Multimedia data can be compressed because there are three forms of redundancy in the original data: coding redundancy, such as coding with the same length of code for pixels with very different frequencies; inter-pixel redundancy, such as temporal or spatial correlation between adjacent pixels; and visual information redundancy which means that the human vision is insensitive to sharp changes in image edges, is weak in color resolution, is sensitive only to the brightness of the image, and has little influence on the image distortion after compression and decompression. The redundancy of these data and the human sensory characteristics constitute the basis of multimedia data compression and also determine the direction of data compression research. Taking the image storage method of the currently used bitmap format as an example, in this form of image data, there is an excellent correlation between pixels in both the row direction and the column direction, and thus the overall data redundancy. The margin is very large; under the premise of allowing a certain degree of distortion, the image data can be compressed to a large extent. The compression of data is actually an encoding process that encodes and compresses the original data. The decompression of data is the inverse of data compression, i.e., the compressed code is restored to the original data. Therefore, the data compression method is also called the encoding method. Data compression technology is a series of re-encoding of the original data, which can eliminate the extra data in the original data and can reduce the amount of data to a minimum, so as to achieve various images, audio, and video on the computer, which is the purpose of media data.

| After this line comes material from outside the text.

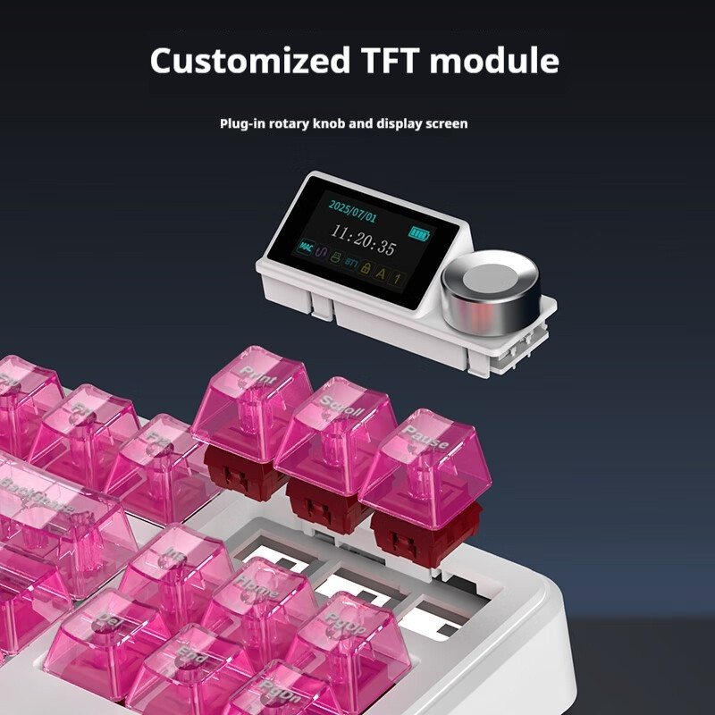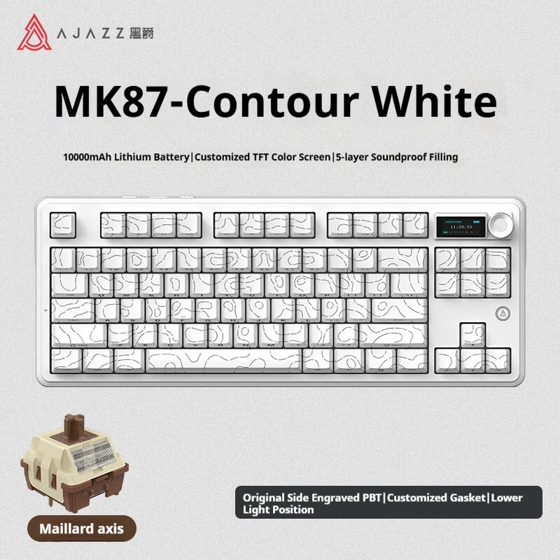 AJAZZ MK87 Gaming Wireless Bluetooth Tri-mode Keyboard Full Key Hot Swappable Gasket 10000mAh Battery RGB Light Keyboard TFT Screen Keyboards with Knob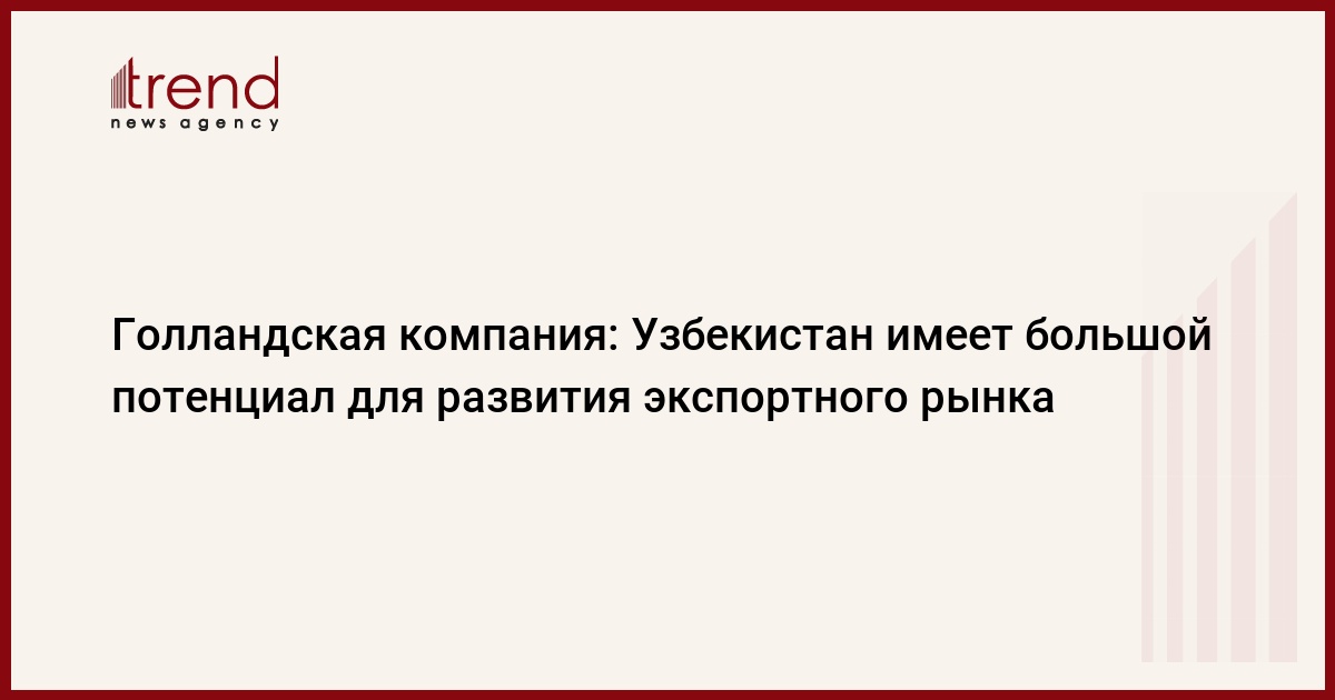 В компании подчеркнули, что в последние годы в Узбекистане наблюдаются очень позитивные сдвиги в плане стимулирования международной торговли. Например, высокопоставленные узбекские политические деятели посещают Нидерланды для проведения переговоров о развитии бизнеса.

Two basic principles of data compression technology are based on the human visual and auditory physiology; compression-encoded audiovisual signals still have satisfactory subjective quality when recurring original source data has great redundancy and eliminates redundancy. It does not reduce the amount of information, and data can still be recovered. In fact, data compression is based on a certain quality loss, and a simplified data expression is derived from a given source according to a certain method. It allows signals to be organized into a given set of information data samples by reducing signal space, such as physical volume, time, and spectrum. The four indicators that measure the quality of data compression technology are as follows: (1) the compression ratio is larger, (2) the ratio of information storage required before and after compression is larger, (3) the recovery effect is better, and (4) the original data should be restored as much as possible. The hardware overhead for implementing compression is small. Data compression technology with the development of communication technology and computer technology, and the coding methods adapted to different applications are continuously generated. Currently, the commonly used coding methods can be divided into two categories: one is a redundant compression method, also called lossless compression method; another is entropy compression, also known as lossy compression. Among them, the redundant compression method removes or reduces the redundancy in the data, but this redundancy can be re-inserted into the data, so there is no distortion. This method is generally used for the compression of text data, which guarantees the complete original data is restored. The disadvantage is that the compression is relatively small. The entropy compression method compresses the entropy, so there is a certain degree of distortion. It is mainly used to compress data such as sound, image, and dynamic video, and the compression is relatively high.
2.3 Interested area
In the image of complex scenes, the place where the human eye perceives is considered to be the region of interest. It follows the visual habits of human eye physiology. Generally speaking, the human eye has a more contrasting color, a more obvious image feature, and a gradient. The area where the texture is more obvious is more sensitive. Also for an image, the middle area is more concerned than the area at the edge of the image. In the field of security video surveillance, faces and moving objects are often used as areas of interest. The most interesting area in the field of intelligent transportation is the license of vehicles, especially in people’s cities such as Beijing and Shanghai. The regulations require daily restrictions. If the police stare at the license plate number of each car every day, it is a very heavy task. As the giant’s thing, now, this cumbersome task is handed over to the camera collection system to handle it much simpler. Nowadays, the driver’s monitoring in the window of the car also becomes the area of interest, and it is determined whether the driver is making a call, and the driver’s face analysis is used to determine whether the fatigue has been automatically reminded. The determination of the vehicle is also the area of interest for intelligent traffic monitoring. At present, many cities have already opened the analysis of road congestion conditions and analyzed the road condition information through the judgment analysis of the vehicle. In the medical field, the tuberculosis tumor plate was detected as a region of interest, and the particle thrombus in the vessel wall on the myocardial infarction was determined as the region of interest. For different application fields, the selection of regions of interest varies widely, and specific analysis of specific issues is required. The development of automated extraction technology in regions of interest will certainly promote the economic development and progress of society.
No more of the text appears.